Rep. Ed Jutila, D-East Lyme, said he had followed the New London case from afar, but felt “a little skeptical” that the NLDC's project would result in the boon to the city that the organization claims.

“I'm not sure that the government should be in the business of taking private residential property for other than public use, even though there may be some indirect public benefit that results from it,” Jutila said.

But he was also careful to say that he did not necessarily support Ward's bill, and that he felt sympathy for the city in its efforts to shore up a flagging tax base after years of attrition.

“Towns are out there groping for any means they can find, and I don't fault them for this,” he said.

To push his law through the legislature, Ward will have to focus on the first sentiment more than the second, but it is a feat that he and others say is not out of the question.

A proposal to restrict eminent-domain use “unites people that are typically across the ideological divide,” said Bullock of the Institute for Justice. “It wouldn't surprise me if some Democrats and Republicans who want to protect people's rights joined forces to try to make this happen.”

Ward's similar bill last year easily won approval in the Judiciary Committee last spring, but was killed by one vote in the committee on Planning and Development.

“This is a wild card, and because it's a wild card, the big thing is for him to get the bill out on the floor for a vote,” said Rep. Diana Urban, R-North Stonington, an economist who added that she was, like Jutila, “of two minds” about the proposal.

“The economist would look at this from a utilitarian perspective — the most good for the most people,” she said. “If eminent domain issues don't override ... it is clearly a benefit for the entire area. And I think that's what they're resting their hat on in the Fort Trumbull case.”

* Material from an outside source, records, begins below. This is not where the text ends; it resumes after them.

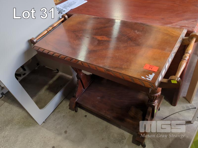 MAHOGANY TRAYMOBILE, DECORATIVE CARVED PIE CRUST EDGE
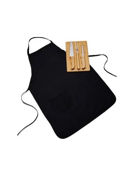 Acompanha avental preto, tábua para churrasco e tábua para caipirinha, pegador, socador em Bambu.
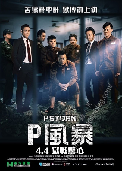上圖所見,便是電影《P風暴》的新版海報,海報繼續採用了在獄中「一字排開」的設計,當中唯一可以坐著的便只有飾演臥底的古天樂。其餘演員則包括了鄭嘉穎、林峯、張智霖、林家棟、張繼聰、譚耀文等。海報下方寫上「4.4獄戰驚心」的映期。而上方的宣傳句語除了原有的「苦獄計中計」外,還加了下句「獄博仇上仇」。
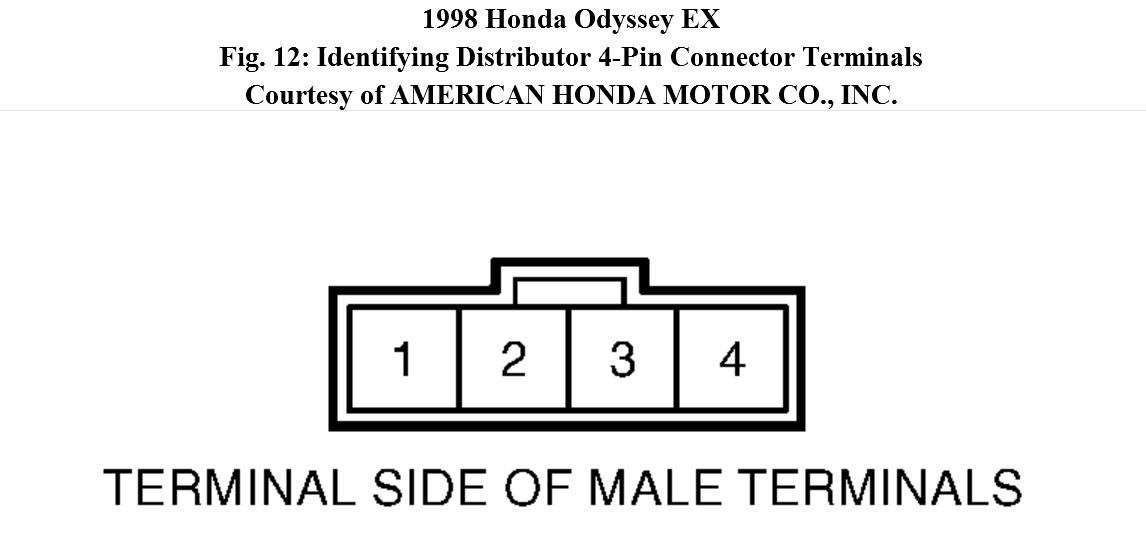 3. Turn ignition off. Disconnect distributor 4-pin sensor connector. Measure resistance between distributor sensor terminals No. 3 (Yellow wire) and No. 4 (Black wire). See Fig. 12. If resistance is 800-1500 ohms, go to next step. If resistance is not 800-1500 ohms, replace distributor housing.

But Urban nevertheless seemed to lean toward Ward's position.

“Oftentimes we are using eminent domain to go into neighborhoods that work, that are clear communities that have created a community web, and we ruin them,” she said. “I really think that we have not carefully weighed the issues on a lot of these cases, and sort of just gone ahead with tunnel vision.”

“It's all about getting that bill to the floor,” Urban said, where Ward stands the best chance of getting his colleagues in line behind him. “You just can't draw party lines on this one.”

Ward seemed to expect an uphill battle, but having elicited a promise of a hearing from leaders of the Judiciary Committee, he was confident.

“I think it has a good chance,” he said.